Sparse4DGS: 4D Gaussian Splatting for Sparse-Frame Dynamic Scene Reconstruction¶

Conference: AAAI 2026 arXiv: 2511.07122 Code: Project Page Area: 3D Vision Keywords: dynamic scene reconstruction, 4D Gaussian splatting, sparse frames, texture-awareness, stochastic gradient Langevin dynamics

TL;DR¶

Sparse4DGS is proposed as the first method for sparse-frame dynamic scene reconstruction, achieving high-fidelity 4D scene reconstruction from sparse video frames via two core modules: Texture-Aware Deformation Regularization (TADR) and Texture-Aware Canonical Optimization (TACO).

Background & Motivation¶

Existing dynamic Gaussian splatting methods such as Deformable3DGS and 4DGaussians have demonstrated significant progress in 4D scene reconstruction, but they rely heavily on dense-frame video sequences (typically hundreds of frames). In practice, only sparse frames are often available due to hardware constraints such as low-frame-rate cameras.

The authors find that when the number of input frames is reduced from dense to sparse, existing methods suffer severe degradation in texture-rich regions, due to two factors: 1. Deformation space degradation: Insufficient temporal constraints from sparse inputs prevent the deformation network from accurately modeling geometric changes in high-frequency texture regions. 2. Canonical space degradation: The canonical Gaussian field lacks adequate supervision signals, leading to geometric collapse in regions with complex texture.

The core intuition is that sparse-frame inputs inherently provide limited information, making high-frequency texture signals the primary source of rich detail and dynamic cues. Accordingly, Gaussians should be guided to focus on texture-rich regions to better model the underlying structure.

Method¶

Overall Architecture¶

Sparse4DGS follows the canonical Gaussian field plus deformation network paradigm for dynamic reconstruction.

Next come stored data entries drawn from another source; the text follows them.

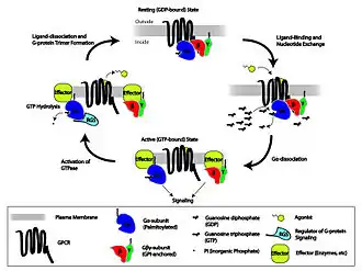 Přenos signálu pomocí GPCR receptorů je jedním z nejrozšířenějších příkladů signální transdukce, tedy přenosu signálu z vnější strany buňky směrem dovnitř. Z vnější strany se na tento typ receptorů váže tzv. ligand, což je v typickém případě hormon, odorant, růstový faktor či neurotransmiter. Po navázání těchto látek na vnější stranu membrány je aktivován na druhé straně membrány G protein, ten se odloučí od receptoru, putuje cytosolem a aktivuje zpravidla jiný enzym (např. adenylátcyklázu).[1]
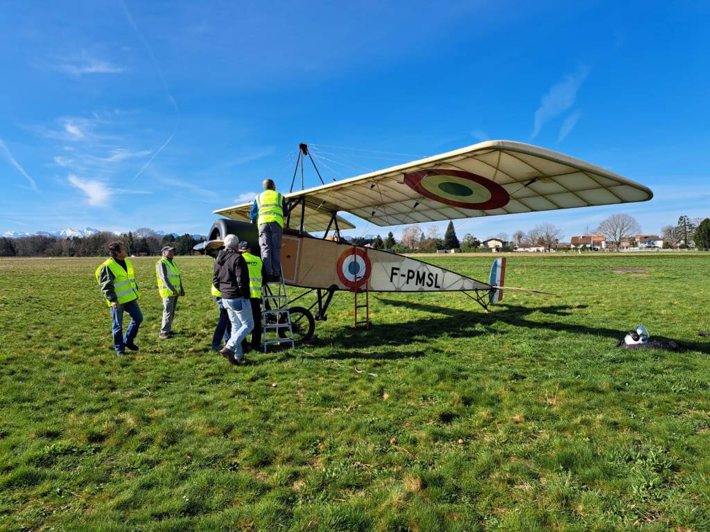 Dimanche 1er mars, après le passage obligé de la révision des 25 premières heures de vol, le Morane-Saulnier Type L-R02 a repris la voie des airs entre les mains expertes de Gilles Bellot, son pilote attitré. Petit reportage avec les photos d'Olivier Anglade et Pascal Marius
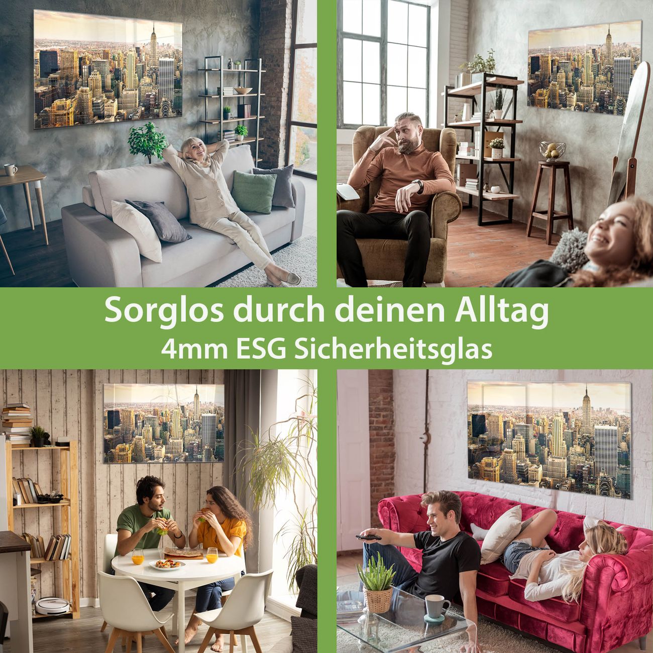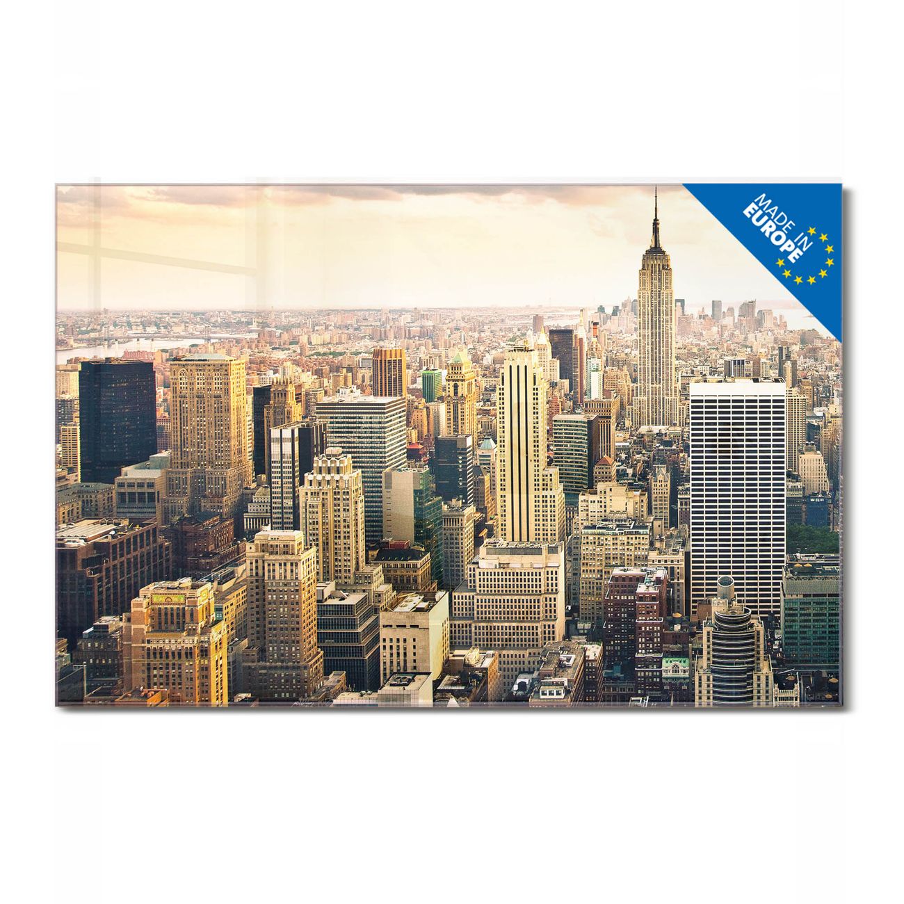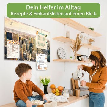 Material: 4mm Sicherheitsglas mit Metallrückwand Eigenschaften: beschreibbar, magnetisch, kratzfest Maße: 75x50x0,6cm, 5,63kg schwer Motiv Nummer 10238 New York City Zubehör: inklusive 4 Neodym-Magnete
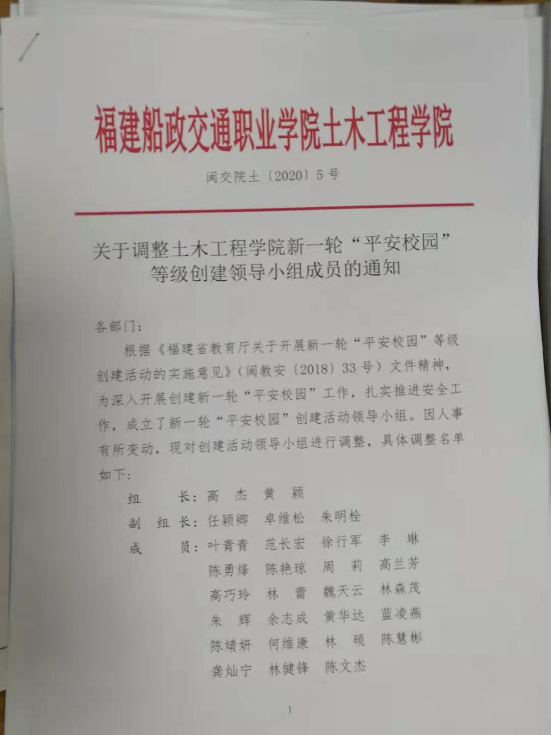 關(guān)于土木工程學(xué)院新一輪“平安校園”等級創(chuàng)建領(lǐng)導(dǎo)小組成員的通知
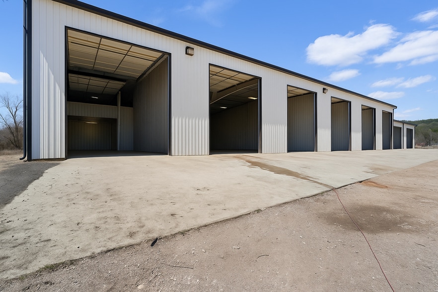 Situated on 2.24 acres, the property features eight large garage bays, providing ample room for vehicle storage, repairs, or equipment handling.
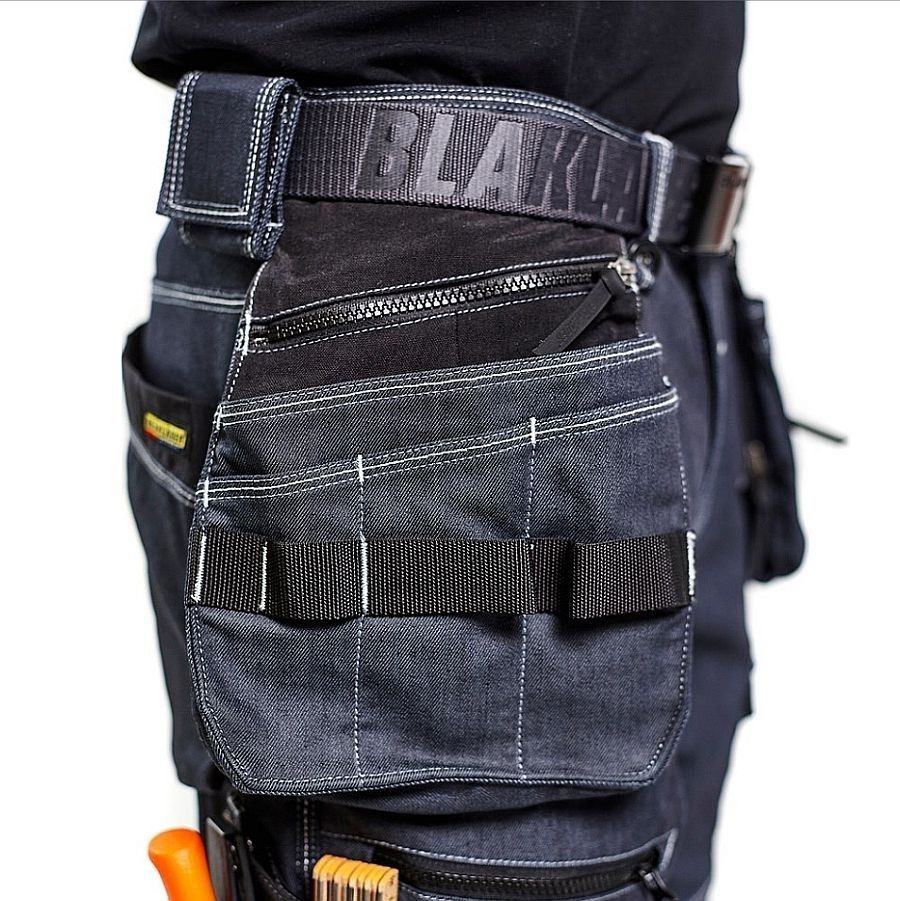 - Breite Gürtelschlaufen, hinten und an den Seiten, Zwei Schlaufen mit Klettverschluss an den Seiten zur Befestigung des Hammerhalters.

Given a sparse frame sequence, the pipeline proceeds as follows: 1. Apply the Sobel operator to extract 2D texture intensity (TI) maps for each frame. 2. Obtain depth maps using a monocular depth estimator (DPT). 3. Embed texture intensity into 3D Gaussian attributes. 4. Regularize the deformation network via TADR. 5. Optimize the canonical Gaussian field via TACO.

Key Designs¶

1. Texture Intensity Gaussian Field: Embedding texture richness into 3D Gaussians¶

Horizontal and vertical gradient maps \(TI_x\) and \(TI_y\) are computed for each input RGB image using the Sobel operator, yielding per-pixel gradient magnitudes as an explicit measure of texture intensity:

\[TI_{gt}(i,j) = \sqrt{TI_x(i,j)^2 + TI_y(i,j)^2}\]

To represent texture richness in 3D space, each Gaussian is assigned a new attribute \(TI\), which is rendered into a texture map \(TI_{render}\) via a differentiable rasterizer.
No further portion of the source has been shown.